EXERCISE BRIEF:
Using the data that follows, output only the lines from the line with "izmēri: D79cm, H74" up to and including the line with "Nové - Růžové", exactly, leaving pictures aside.
[[ PROVIDED DATA open ]]
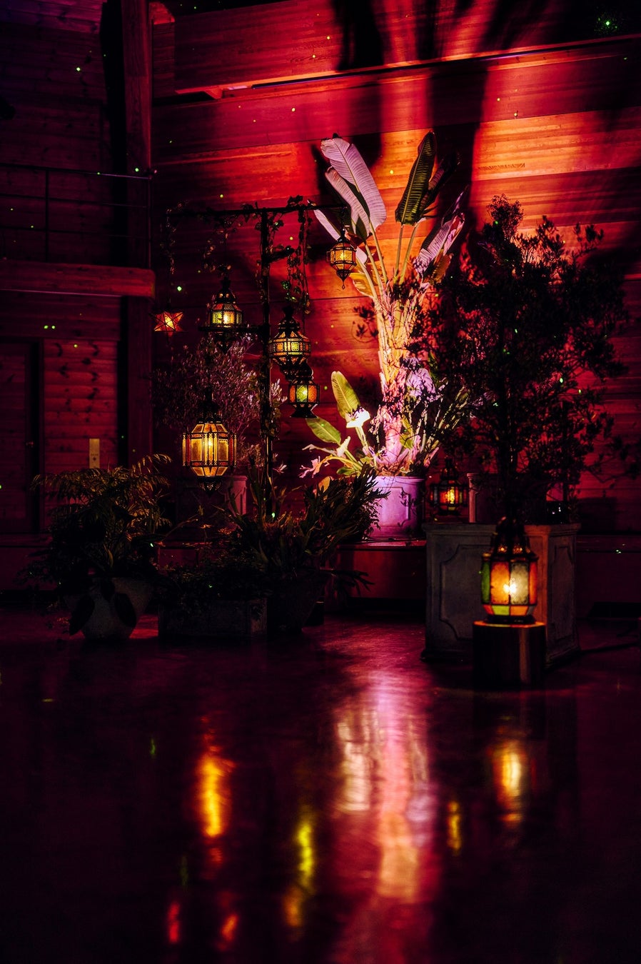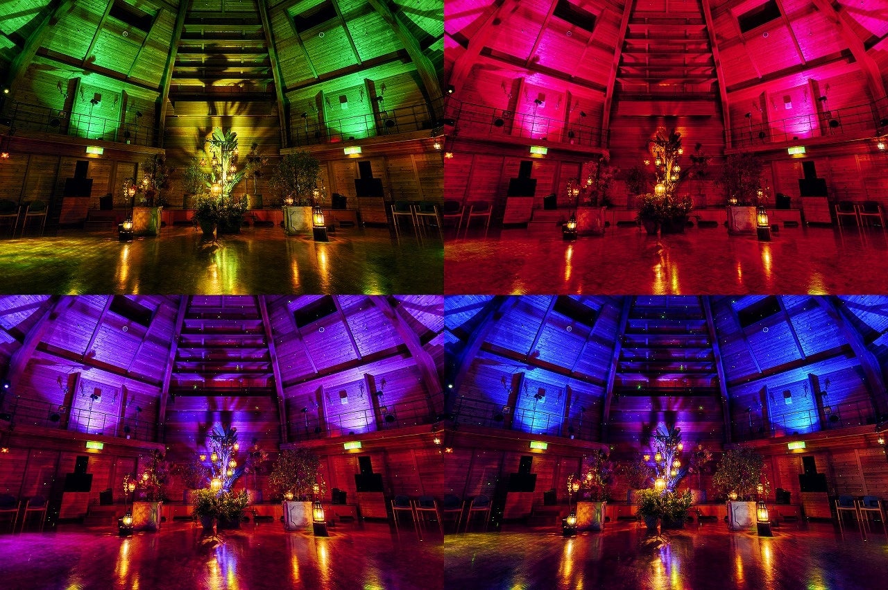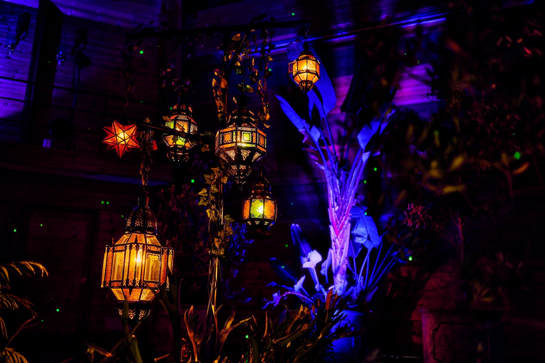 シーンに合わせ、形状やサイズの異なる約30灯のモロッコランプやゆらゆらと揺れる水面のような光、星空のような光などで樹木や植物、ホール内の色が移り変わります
[[ PROVIDED DATA closed ]]
[[ PROVIDED DATA open ]]
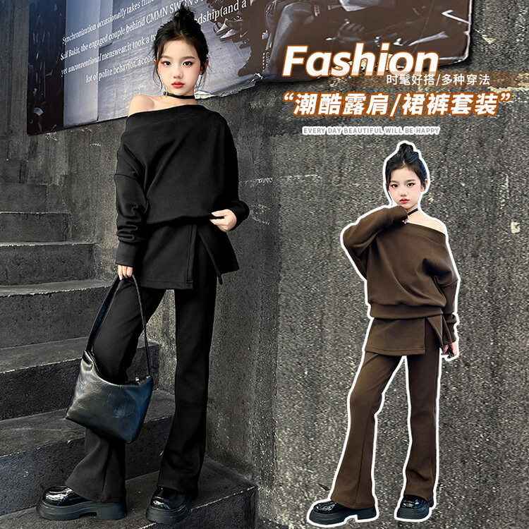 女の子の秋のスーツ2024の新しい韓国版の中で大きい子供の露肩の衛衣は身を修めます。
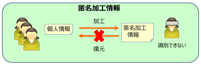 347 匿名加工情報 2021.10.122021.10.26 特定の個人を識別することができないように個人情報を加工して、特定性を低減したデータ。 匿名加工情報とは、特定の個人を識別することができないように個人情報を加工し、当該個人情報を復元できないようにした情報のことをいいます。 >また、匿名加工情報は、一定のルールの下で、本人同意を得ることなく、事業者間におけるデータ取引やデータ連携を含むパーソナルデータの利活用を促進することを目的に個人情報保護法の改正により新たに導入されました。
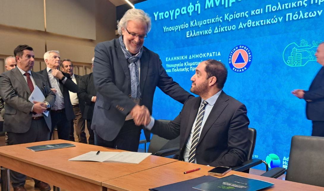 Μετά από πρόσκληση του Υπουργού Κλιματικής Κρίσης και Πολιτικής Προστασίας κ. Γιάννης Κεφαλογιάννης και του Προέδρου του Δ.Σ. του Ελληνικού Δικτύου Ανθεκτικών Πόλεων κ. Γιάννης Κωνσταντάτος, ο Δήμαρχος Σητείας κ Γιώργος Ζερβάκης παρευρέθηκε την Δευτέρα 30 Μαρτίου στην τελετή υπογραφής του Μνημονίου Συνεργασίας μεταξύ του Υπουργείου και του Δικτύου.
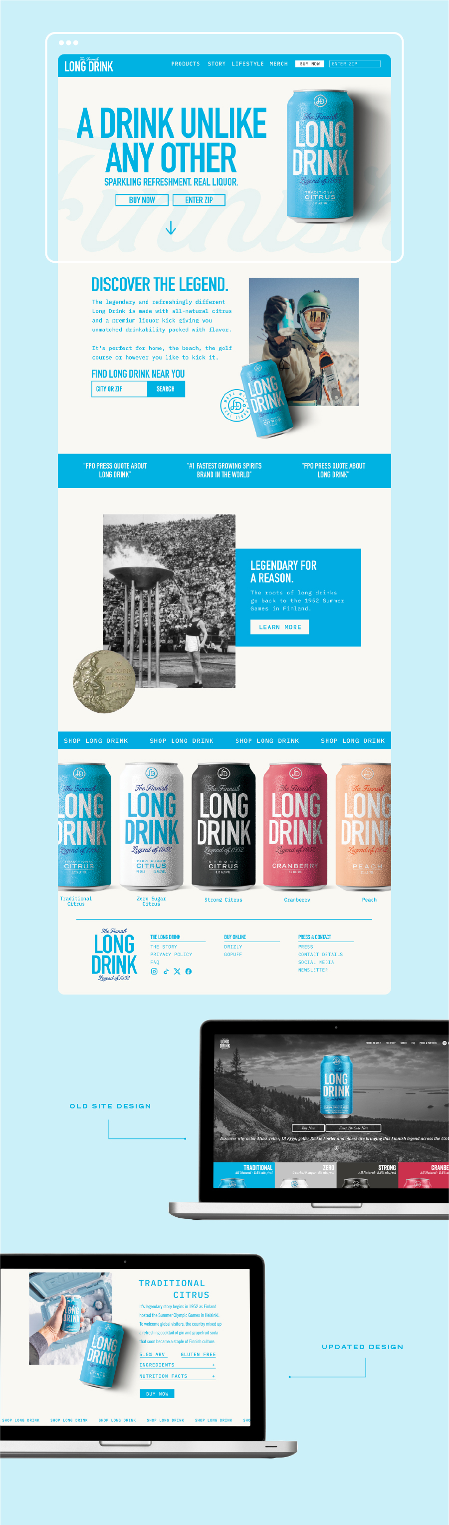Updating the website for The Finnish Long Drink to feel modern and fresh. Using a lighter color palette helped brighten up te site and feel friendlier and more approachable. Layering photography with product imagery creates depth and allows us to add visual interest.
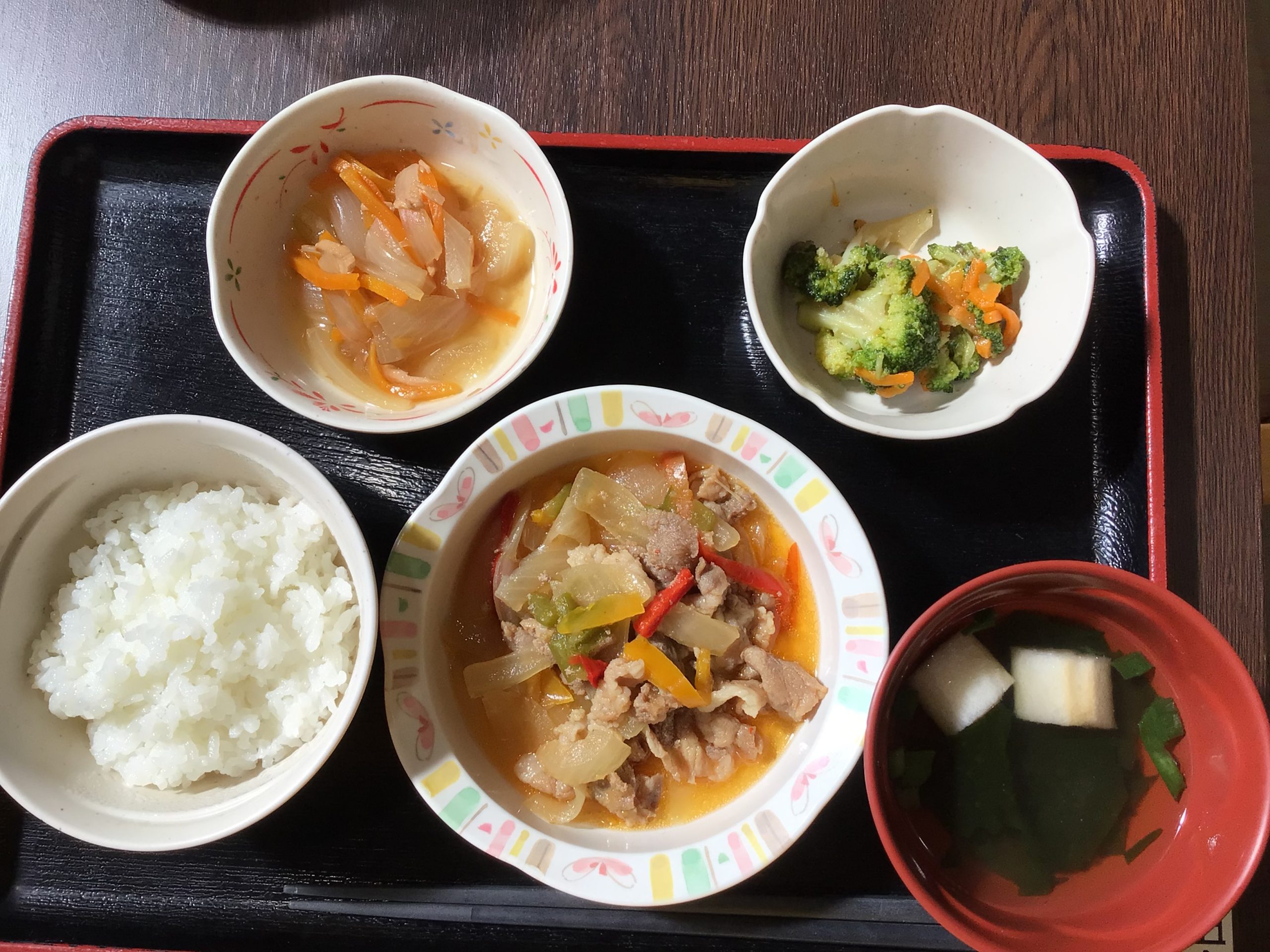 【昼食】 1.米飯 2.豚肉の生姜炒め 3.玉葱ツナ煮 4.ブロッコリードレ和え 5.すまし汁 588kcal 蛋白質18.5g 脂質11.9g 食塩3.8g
[[ PROVIDED DATA closed ]]
[[ PROVIDED DATA open ]]
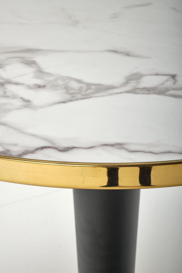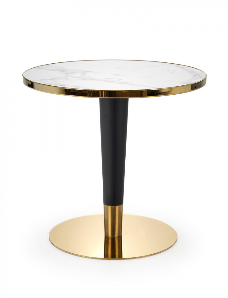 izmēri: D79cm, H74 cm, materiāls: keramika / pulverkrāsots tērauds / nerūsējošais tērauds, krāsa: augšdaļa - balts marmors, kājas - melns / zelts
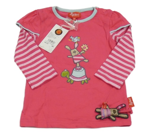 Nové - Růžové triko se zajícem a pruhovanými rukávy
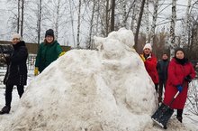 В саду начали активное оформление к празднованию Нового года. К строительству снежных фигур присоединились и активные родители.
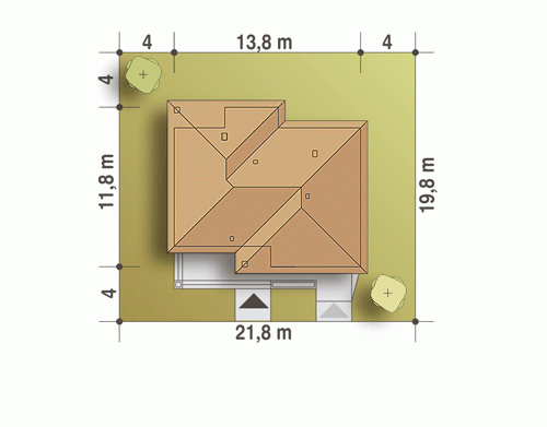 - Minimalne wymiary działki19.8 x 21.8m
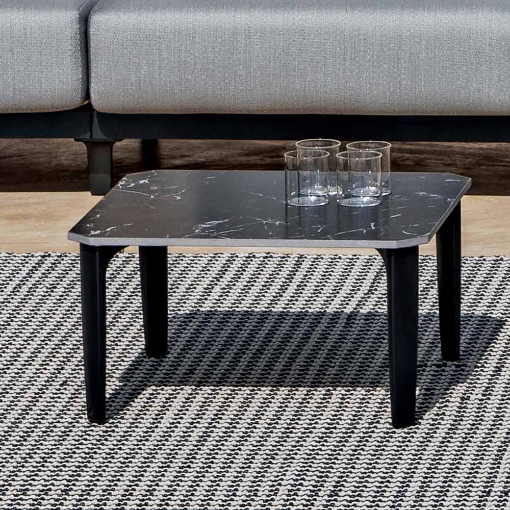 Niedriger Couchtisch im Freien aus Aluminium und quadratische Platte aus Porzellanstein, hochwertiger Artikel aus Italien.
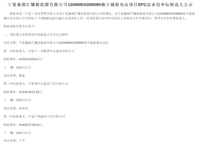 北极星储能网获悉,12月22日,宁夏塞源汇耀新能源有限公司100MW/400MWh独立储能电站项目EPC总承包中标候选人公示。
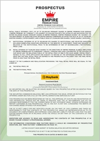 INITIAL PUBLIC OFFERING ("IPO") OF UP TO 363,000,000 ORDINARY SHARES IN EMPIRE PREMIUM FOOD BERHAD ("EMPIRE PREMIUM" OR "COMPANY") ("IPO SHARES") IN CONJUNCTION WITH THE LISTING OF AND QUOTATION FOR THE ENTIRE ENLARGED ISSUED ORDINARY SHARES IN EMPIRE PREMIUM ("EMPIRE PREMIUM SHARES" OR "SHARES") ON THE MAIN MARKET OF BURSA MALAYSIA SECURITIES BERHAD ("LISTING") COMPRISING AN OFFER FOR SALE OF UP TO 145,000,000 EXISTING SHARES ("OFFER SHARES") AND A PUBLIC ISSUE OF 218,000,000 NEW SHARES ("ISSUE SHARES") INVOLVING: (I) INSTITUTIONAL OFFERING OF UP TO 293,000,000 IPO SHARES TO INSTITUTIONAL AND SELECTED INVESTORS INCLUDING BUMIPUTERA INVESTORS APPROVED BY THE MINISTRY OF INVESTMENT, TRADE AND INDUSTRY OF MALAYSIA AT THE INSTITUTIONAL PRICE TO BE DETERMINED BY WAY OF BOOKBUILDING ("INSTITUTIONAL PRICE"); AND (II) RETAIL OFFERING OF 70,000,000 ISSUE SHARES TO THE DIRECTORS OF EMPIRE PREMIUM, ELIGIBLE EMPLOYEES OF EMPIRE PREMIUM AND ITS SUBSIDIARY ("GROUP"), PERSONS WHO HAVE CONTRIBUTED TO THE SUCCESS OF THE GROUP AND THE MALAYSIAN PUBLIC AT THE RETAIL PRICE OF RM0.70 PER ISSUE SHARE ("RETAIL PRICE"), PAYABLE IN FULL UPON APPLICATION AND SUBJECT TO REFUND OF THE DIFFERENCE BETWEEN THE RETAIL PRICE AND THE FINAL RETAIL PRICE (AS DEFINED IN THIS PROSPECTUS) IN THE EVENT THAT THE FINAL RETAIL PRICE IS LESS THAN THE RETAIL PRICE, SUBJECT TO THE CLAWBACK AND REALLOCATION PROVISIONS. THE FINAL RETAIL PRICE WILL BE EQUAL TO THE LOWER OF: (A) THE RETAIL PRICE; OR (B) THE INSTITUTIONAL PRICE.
[[ PROVIDED DATA closed ]]
OUTPUT:
 izmēri: D79cm, H74 cm, materiāls: keramika / pulverkrāsots tērauds / nerūsējošais tērauds, krāsa: augšdaļa - balts marmors, kājas - melns / zelts
 Nové - Růžové triko se zajícem a pruhovanými rukávy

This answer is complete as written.